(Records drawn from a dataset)
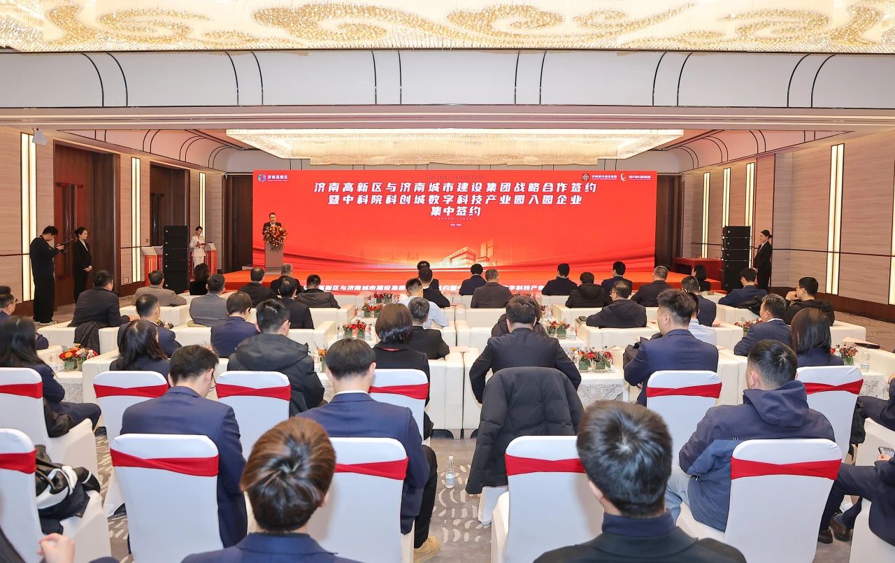 12月25日,濟(jì)南高新區(qū)與濟(jì)南城市建設(shè)集團(tuán)舉行戰(zhàn)略合作簽約暨中科院科創(chuàng)城數(shù)字科技產(chǎn)業(yè)園入園企業(yè)集中簽約活動(dòng)。濟(jì)南市副市長,高新區(qū)黨工委副書記、管委會常務(wù)副主任任廣鋒出席活動(dòng)并見證簽約。市科技局黨組書記、局長黃波,濟(jì)南高新區(qū)管委會副主任、濟(jì)高科創(chuàng)投資集團(tuán)董事長兼總經(jīng)理劉松,濟(jì)南城市建設(shè)集團(tuán)黨委副書記、總經(jīng)理?xiàng)罘?,建設(shè)集團(tuán)副總經(jīng)理徐文東參加活動(dòng)。
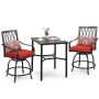 Enjoy comfort and stability with our bistro chairs set of 2, offering a wide seating and adjustable non-slip foot pads. They are waterproof, rust-resistant and easy to clean, providing both elegance and practicality. The modern aesthetic of 2-chairs and a side table suitable for indoor and outdoor use. Patio bistro set adopt upgraded design allows for easy alignment and attachment of the legs to the seat, reducing the time and effort required for assembly.
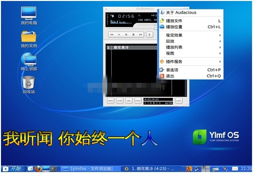 打开开始菜单,在“影音”子菜单中我们看到了雨林木风在系统特征中提到的 Audacious,这个软件在2.X之后就一直对中文不敏感,界面除了首选项之外全是英文,雨林木风加强版会是什么样子呢?打开看看。
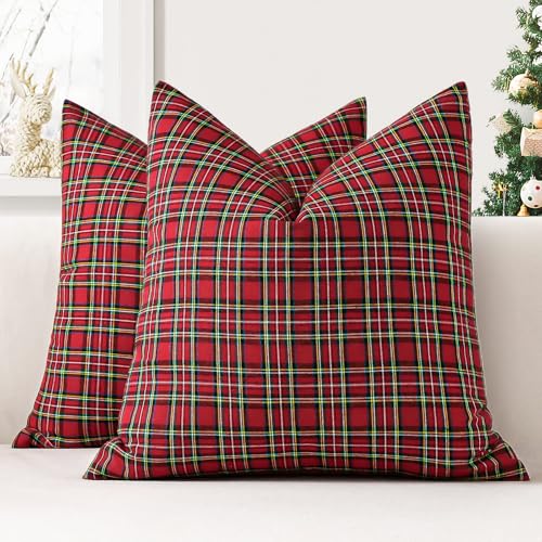 JOTOM Lot de 2 Housses de Coussin 50x50 cm de Noël en écossais Housses de Coussin Plaid Classique Farmhouse Taie d'oreiller Décoratifs pour Canapé, Salon et Lit(Rouge)
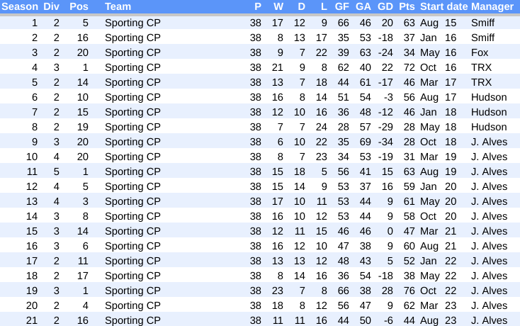 Sporting had their best ever season in S20 when they finished 4th in D2, although last season they narrowly avoided relegation.
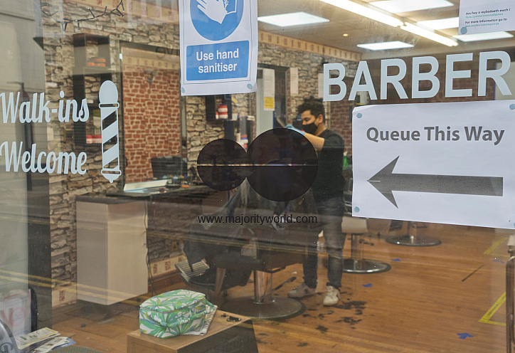 Barber and hairdresser shop reopened after lifting of lockdown restrictions due to the Coronavirus pandemic in Aberystwyth, Ceredigion, Wales, UK.
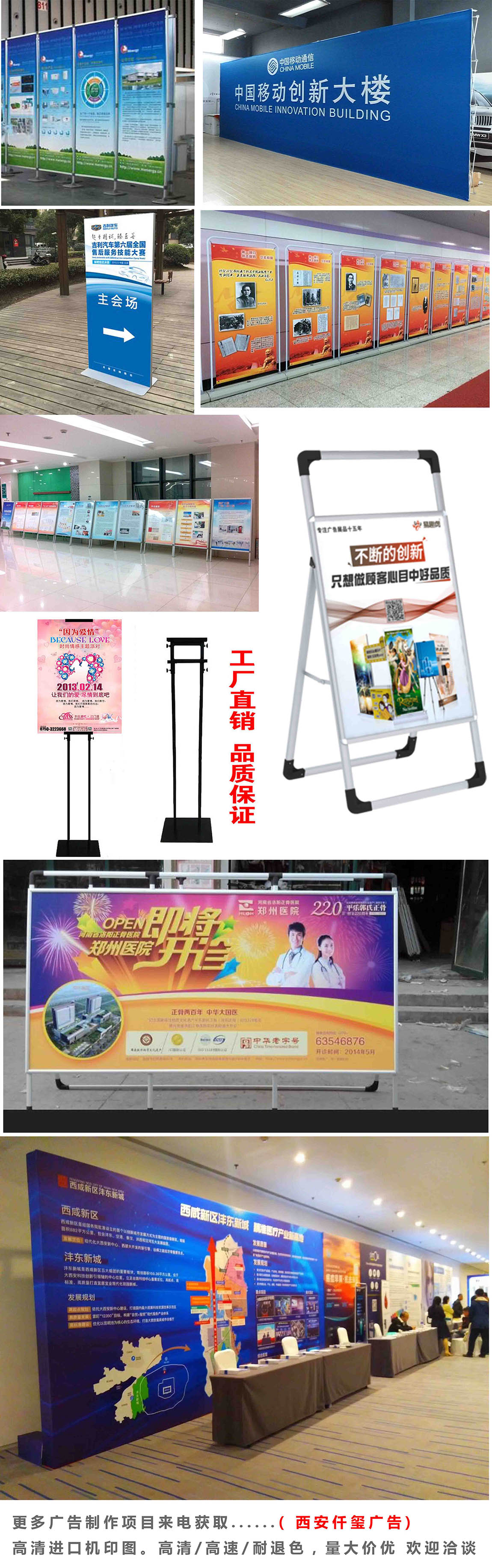 主要制作:公司形象包裝、形象墻裝飾、5米/3米注水旗、易拉寶、展板、立屏展架、門形展架,海報、拉網展架、X展架,不銹鋼A3/A4水牌,強磁臺卡,手舉牌,一米線隔離欄桿,手提海報架,展板架,促銷臺,蘋果立牌,雙桿立牌,POP海報架,移動宣傳欄,三角掛畫架,桌面立牌,落地旗桿,不銹鋼伸縮旗桿,木畫架、畫框、噴繪、桁架、會議物料制作.簽到板,易拉寶,水晶字,亞克力,kt板,不銹鋼牌.噴繪桁架,簽到板,易拉寶海報彩頁拉網快展架印刷制度kt板印刷送貨 . 長安大學城 噴繪桁架|簽到板|會議背景板|快展|拉網|易拉寶|海報彩頁印刷|送貨 |噴繪桁架|出租搭建|西安雁塔區海報會議背景板|簽到板|噴繪桁架|出租搭建|易拉寶|門形展架|快展架|拉網展架|海報印刷 .西安仟璽廣告會議展會搭建、廣告物料制作,長安大學城畫架、長安大學城畫框、長安大學城噴繪背景租賃、長安大學城噴繪桁架、長安大學城背景桁架、長安大學城廣告物料制作以產品質量贏得客戶;以價值服務贏得市場;以嶄新的姿態期待與您合作共贏!

_REQUIRED ACTION:_
Retype every entry exactly as written. Leave the pictures out.

_TASK ANSWER:_
 12月25日,濟(jì)南高新區(qū)與濟(jì)南城市建設(shè)集團(tuán)舉行戰(zhàn)略合作簽約暨中科院科創(chuàng)城數(shù)字科技產(chǎn)業(yè)園入園企業(yè)集中簽約活動(dòng)。濟(jì)南市副市長,高新區(qū)黨工委副書記、管委會常務(wù)副主任任廣鋒出席活動(dòng)并見證簽約。市科技局黨組書記、局長黃波,濟(jì)南高新區(qū)管委會副主任、濟(jì)高科創(chuàng)投資集團(tuán)董事長兼總經(jīng)理劉松,濟(jì)南城市建設(shè)集團(tuán)黨委副書記、總經(jīng)理?xiàng)罘?,建設(shè)集團(tuán)副總經(jīng)理徐文東參加活動(dòng)。
 Enjoy comfort and stability with our bistro chairs set of 2, offering a wide seating and adjustable non-slip foot pads. They are waterproof, rust-resistant and easy to clean, providing both elegance and practicality. The modern aesthetic of 2-chairs and a side table suitable for indoor and outdoor use. Patio bistro set adopt upgraded design allows for easy alignment and attachment of the legs to the seat, reducing the time and effort required for assembly.
 打开开始菜单,在“影音”子菜单中我们看到了雨林木风在系统特征中提到的 Audacious,这个软件在2.X之后就一直对中文不敏感,界面除了首选项之外全是英文,雨林木风加强版会是什么样子呢?打开看看。
 JOTOM Lot de 2 Housses de Coussin 50x50 cm de Noël en écossais Housses de Coussin Plaid Classique Farmhouse Taie d'oreiller Décoratifs pour Canapé, Salon et Lit(Rouge)
 Sporting had their best ever season in S20 when they finished 4th in D2, although last season they narrowly avoided relegation.
 Barber and hairdresser shop reopened after lifting of lockdown restrictions due to the Coronavirus pandemic in Aberystwyth, Ceredigion, Wales, UK.
 主要制作:公司形象包裝、形象墻裝飾、5米/3米注水旗、易拉寶、展板、立屏展架、門形展架,海報、拉網展架、X展架,不銹鋼A3/A4水牌,強磁臺卡,手舉牌,一米線隔離欄桿,手提海報架,展板架,促銷臺,蘋果立牌,雙桿立牌,POP海報架,移動宣傳欄,三角掛畫架,桌面立牌,落地旗桿,不銹鋼伸縮旗桿,木畫架、畫框、噴繪、桁架、會議物料制作.簽到板,易拉寶,水晶字,亞克力,kt板,不銹鋼牌.噴繪桁架,簽到板,易拉寶海報彩頁拉網快展架印刷制度kt板印刷送貨 . 長安大學城 噴繪桁架|簽到板|會議背景板|快展|拉網|易拉寶|海報彩頁印刷|送貨 |噴繪桁架|出租搭建|西安雁塔區海報會議背景板|簽到板|噴繪桁架|出租搭建|易拉寶|門形展架|快展架|拉網展架|海報印刷 .西安仟璽廣告會議展會搭建、廣告物料制作,長安大學城畫架、長安大學城畫框、長安大學城噴繪背景租賃、長安大學城噴繪桁架、長安大學城背景桁架、長安大學城廣告物料制作以產品質量贏得客戶;以價值服務贏得市場;以嶄新的姿態期待與您合作共贏!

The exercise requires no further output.